Mass doesn't change with velocity, the piston doesn't magically become 2.5 tons. If you're talking engineering you absolutely have to be precise with your terms, man

The main reasons are actually the speed of the flamewall starts to be too slow, the combination of high compression and ultrashort stroke reaches mechanical limits, and the extremely narrow gap between head and piston at TDC prevents a clean burn. The mechanical load is a problem that is solvable.

Minor points: No the mass of the piston is not 2.5 tonnes, it hardly changes at all until near lightspeed. The force on the small end and the big end is about 25kN maximum. It's a lot but these bearings are of materials that can take it. The temperature of the engine is nowhere near 2500C! That is the maximum temperature of the burning gases - above that the products of combustion start to dissociate back to oxygen, hydrogen and carbon and that sets a limit. And it's the same for all engines. One of the main limits on piston speed is maintaining lubrication of the cylinder wall as the rings run over it. Note it's piston speed not rpm. And the real limitation is flame propagation speed. It's not good going fast if the fuel is still burning when the valve opens. So 20000 rpm is meaningless of itself. What matters is piston speed and combustion chamber size (small chambers allow all the fuel to burn faster). Maximum piston speed is pretty constant across engines and in fact it's roughly the same in a marine engine with a 2.5 metre stroke and a car engine running at moderate speed. Small engines can exceed 20000rpm, big ones cannot get near it. For F1, the cylinders tend to stay in roughly the same size ballpark. But in the 1960s the Honda RC166 with its 6 cylinder 250cc engine was achieving 18000 rpm with a 31mm stroke, and if it was built today with modern materials and all the benefits of CAD, FEA and better machining, an engine with the same dimensions could go way beyond 20000 rpm. It would need a lot of computer control to make it usable, though.

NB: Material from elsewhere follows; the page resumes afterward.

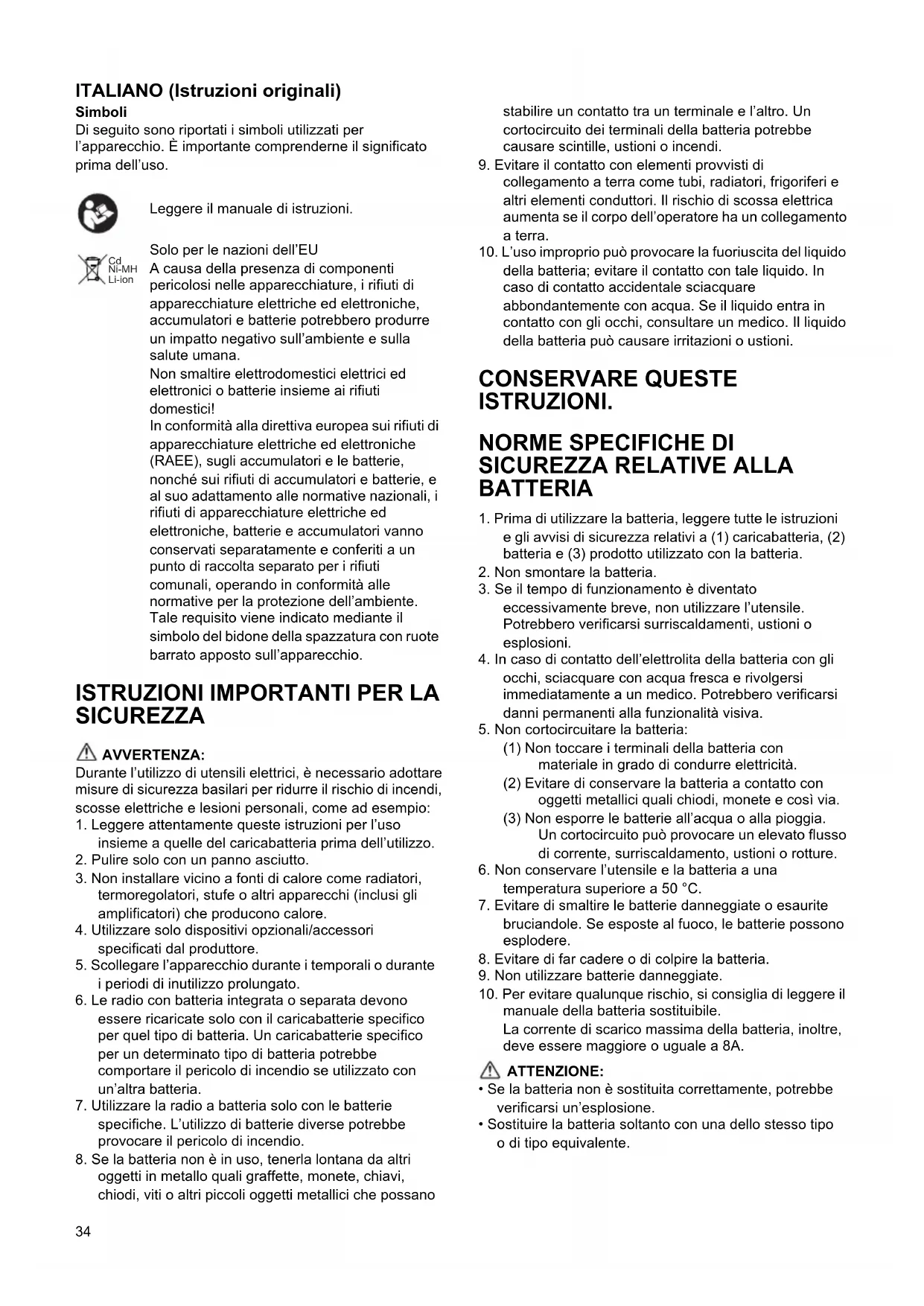 - Sostituire la batteria soltanto con una dello stesso tipo o di tipo equivalente. Leggere il manuale di istruzioni. Solo per le nazioni dell’EU A causa della presenza di componenti pericolosi nelle apparecchiature, i rifiuti di apparecchiature elettriche ed elettroniche, accumulatori e batterie potrebbero produrre un impatto negativo sull’ambiente e sulla salute umana. Non smaltire elettrodomestici elettrici ed elettronici o batterie insieme ai rifiuti domestici! In conformità alla direttiva europea sui rifiuti di apparecchiature elettriche ed elettroniche (RAEE), sugli accumulatori e le batterie, nonché sui rifiuti di accumulatori e batterie, e al suo adattamento alle normative nazionali, i rifiuti di apparecchiature elettriche ed elettroniche, batterie e accumulatori vanno conservati separatamente e conferiti a un punto di raccolta separato per i rifiuti comunali, operando in conformità alle normative per la protezione dell’ambiente. Tale requisito viene indicato mediante il simbolo del bidone della spazzatura con ruote barrato apposto sull’apparecchio.

The fact that this video is still live after all the inaccuracies and wrong information speaks louder than the mistakes themselves.

The video never actually answered the question. It pointed out the difficulties of running at 20,000 rpm, but did not actually tell us why it could not go higher.

Short answer: mechanical stress

An interesting side note: it's not uncommon for the massive diesel engines on cargo ships to be 2-cycle, but that's at least in part because they run slow enough to be able to effectively replace the exhaust with fresh air via blowers (which they have the room for) and that also allows them to not run oil mixed with the fuel (which might not be as big a deal given the fuel they run isn't that much different in weight than motor oil).

Is this a challenge on how to get as many details wrong as possible in 13 minutes?

You made it out to seem that there was a reason that specifically 20,000 rpm is the limit.

The only problem is that they DID 20K rpm... It CAN be done. Honda had a roadrace bike that would rev to 22K rom in the '60s.

Frame front velocity of the fuel is what determines rpm limit. Different fuels have different flame front velocities, and thus different rpm limits for the same engine.

No mention of the Honda air cooled, conventional valve springs, sixes of their racing bikes in the 60's, that routinely reved to 23k rpm? Relevant as they won at least 2 world championships and remained reliable. Also no mention of the, again Honda, CVICC system of the 70's? Strange because it is exactly the system you describe as new in 2015...

F1 engines were touching 22,000rpm in c.2006. Saw it on TV. The tach touched 22K from time to time,

15 seconds in and you're killing me. Mass isn't changing, force is changing. There's no extra "stuff" just because it's accelerating so quickly.

0:10 Mass of... Beg pardon? You need to look up the definition of mass. I'll give you a hint, acceleration doesn't change it.

To quote von Braun "I have become very careful about using the word 'Impossible'."

6:25 Massive blunder here, con-rod length does not influence stroke and therefore the bore/stroke ratio and engine „squareness“, only the crank can influence stroke. Rod length to stroke ratio is a whole other matter.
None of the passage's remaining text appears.